Fact: Mushrooms should be kept in a clean brown paper bag to allow for enough air circulation or they will rot quickly.
The Benefits of Heterotrophic Nutrition in Mushrooms
Immobility tends to be a characteristic of organisms with chlorophyll that photosynthesize their food. However, fungi are a versatile group.
Fungi can breakdown and make use of a wide range of organic compounds including:
- Nitrates
- Ethanol
- Ammonium acetate
They do it with their tubercular finger-like cells of hyphae facilitating an efficient movement of nutrients through the mycelium to the mushroom.
Nutrition in Mushrooms
Mushrooms have digestive enzymes, called exoenzymes because they work outside the organism.
Because of these digestive enzymes, they are capable of digesting even large molecules, such as those of polysaccharides, lipids and proteins, adding further to their level of feeding efficiency.
An Important Consideration
Global climate change has prompted scientists to seriously consider how fungi can improve soil quality on a large scale.
Both fungi and plants are involved in soil carbon sequestration.

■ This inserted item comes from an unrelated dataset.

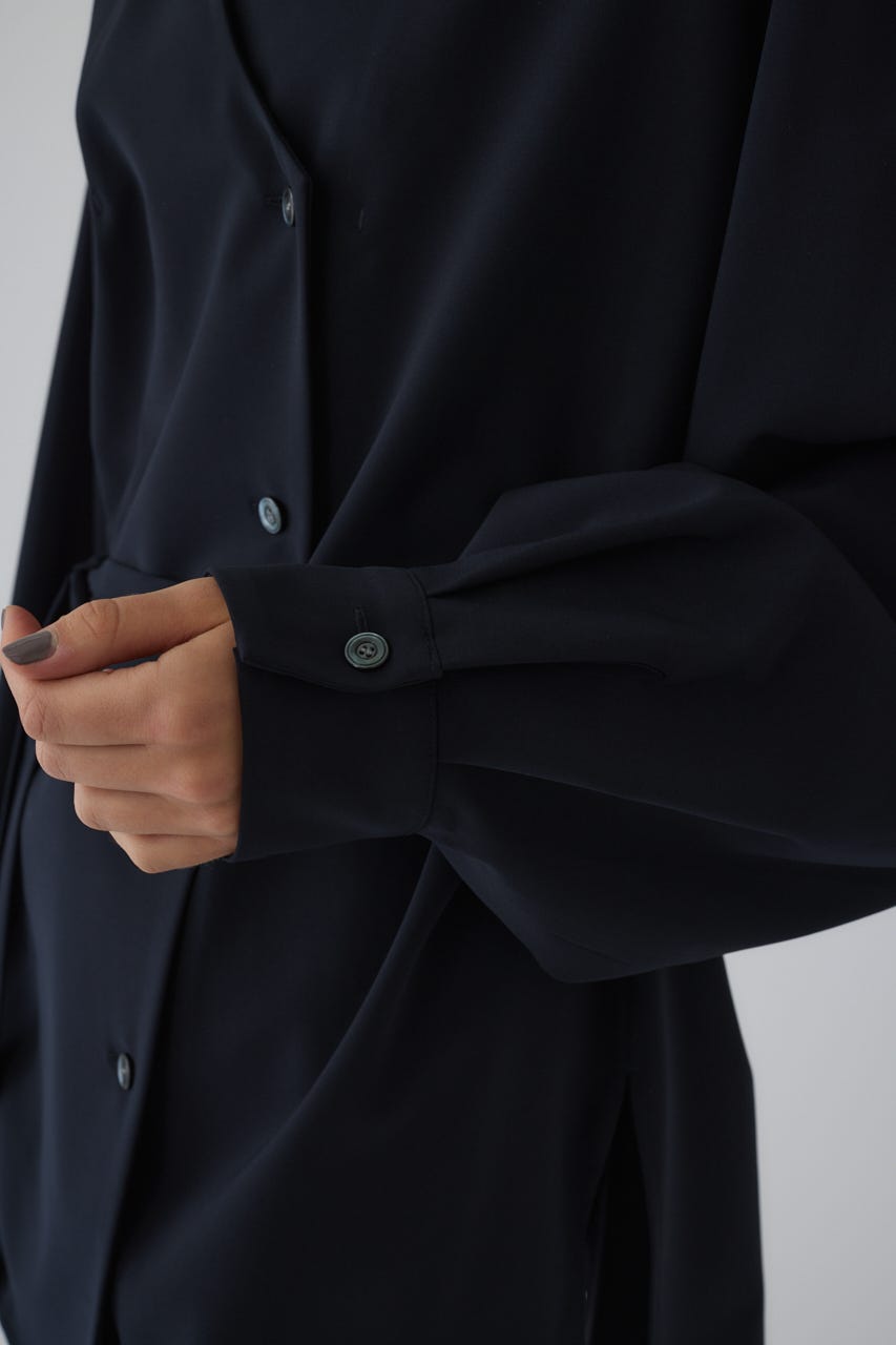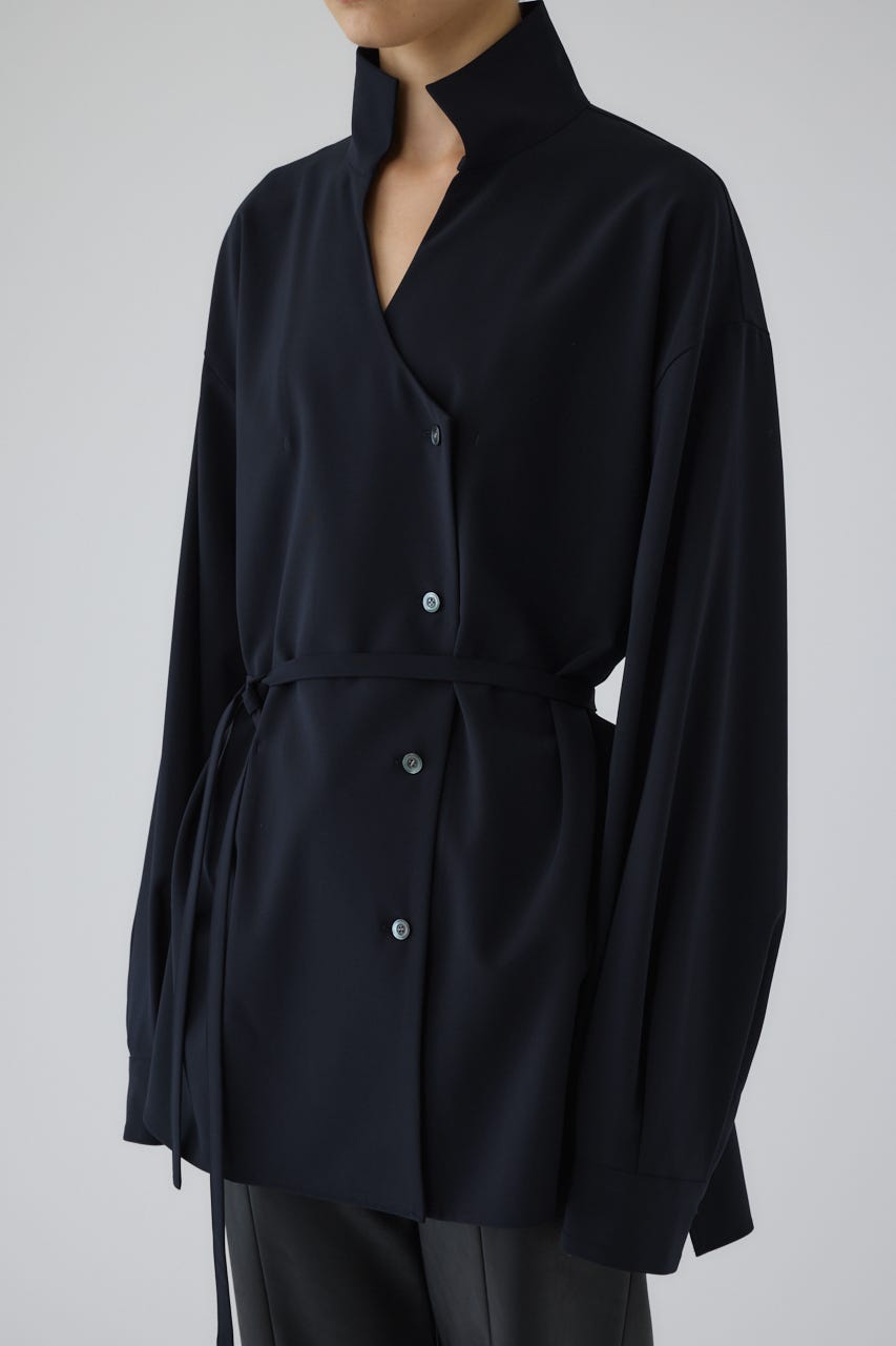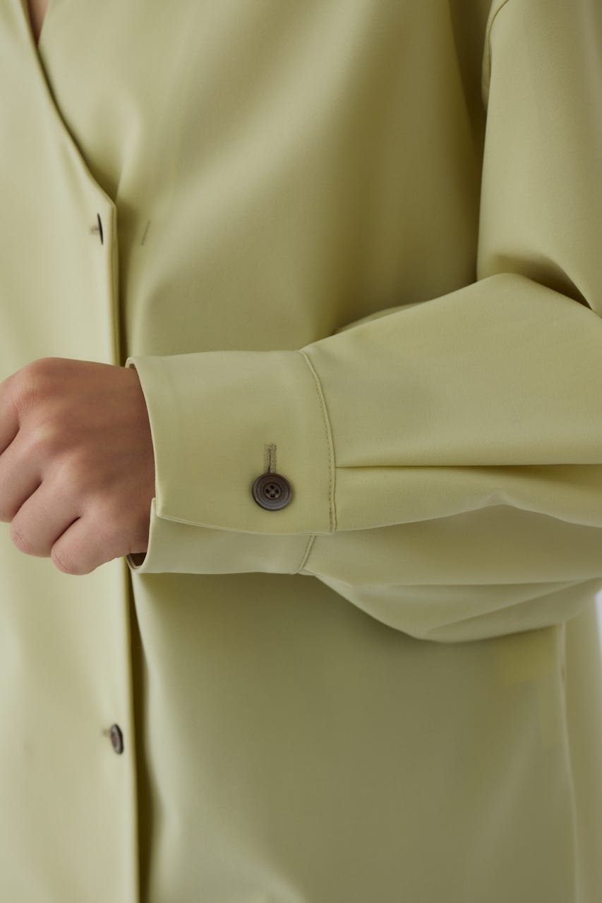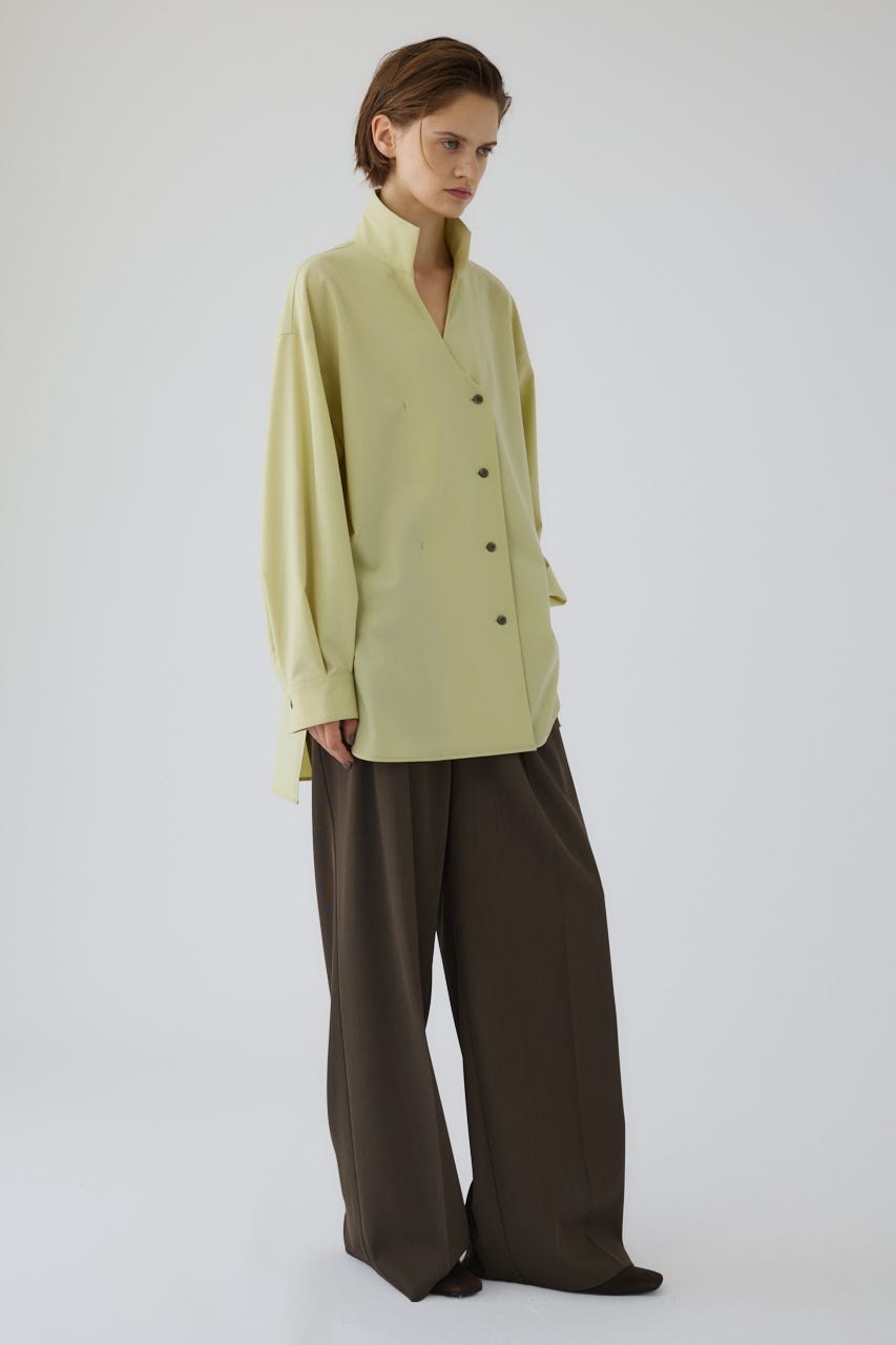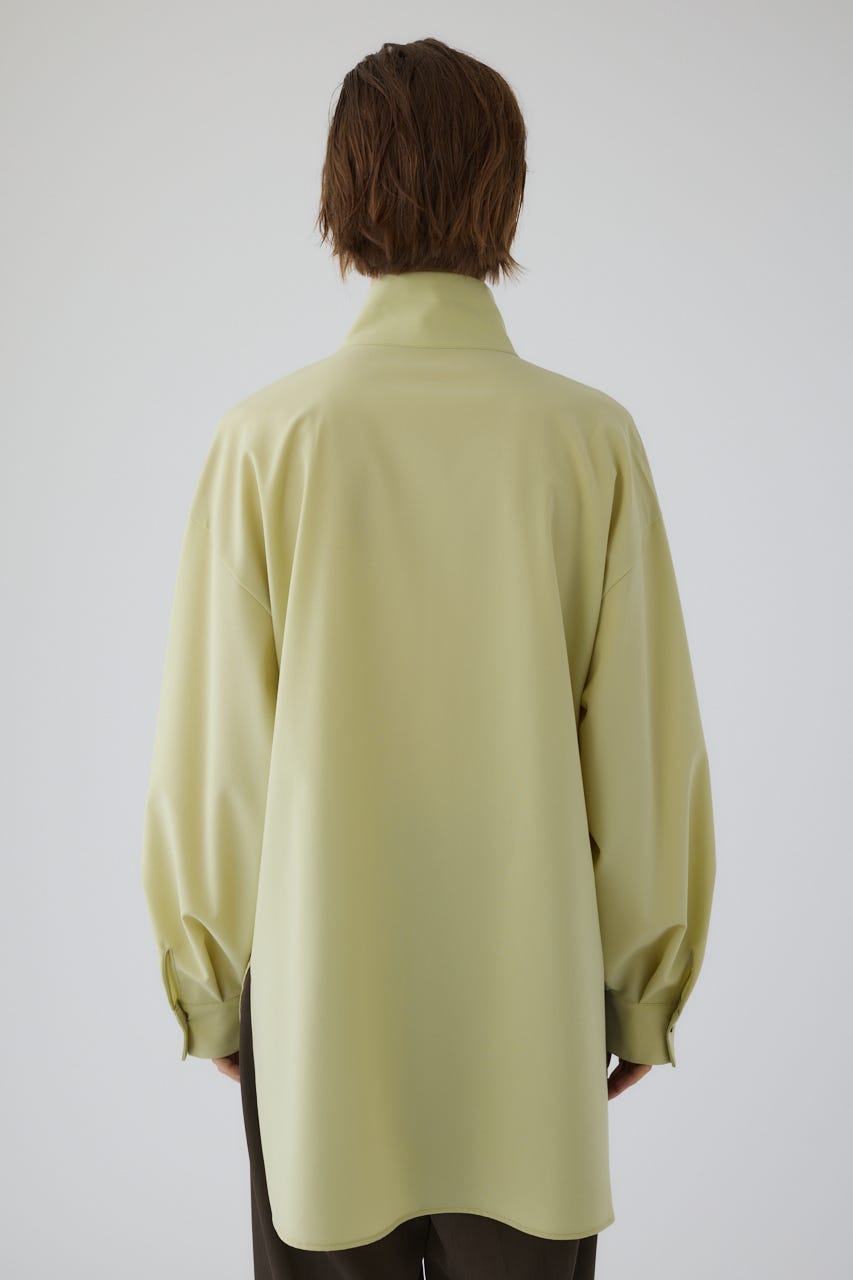 ■POINT:接触冷感・UVカット機能付きでシワになりにくい中肉合繊生地を使用した、ジャケットのような雰囲気のミドル丈シャツ。

Mycelium may have a role in storing carbon in slow decaying matter, delaying its release into the atmosphere as harmful carbon dioxide.
Fact: Certain types of mushrooms produce a considerable amount of vitamin D2 when exposed to UV light, either from the sun or a UV lamp.
Takeaway
Are mushrooms autotrophic or heterotrophic? Mushrooms belong to a larger group of organisms known as fungi.
And though some fungi are autotrophs, it is not the case with mushrooms.
In order to sustain themselves, mushrooms feed off of dead or decaying organic matter produced by other creatures, a process known as heterotrophy.
Mushrooms, which are decomposers, get the nutrients they need by reducing complex molecules found in decomposing matter (such as dead plants and animals) to smaller ones.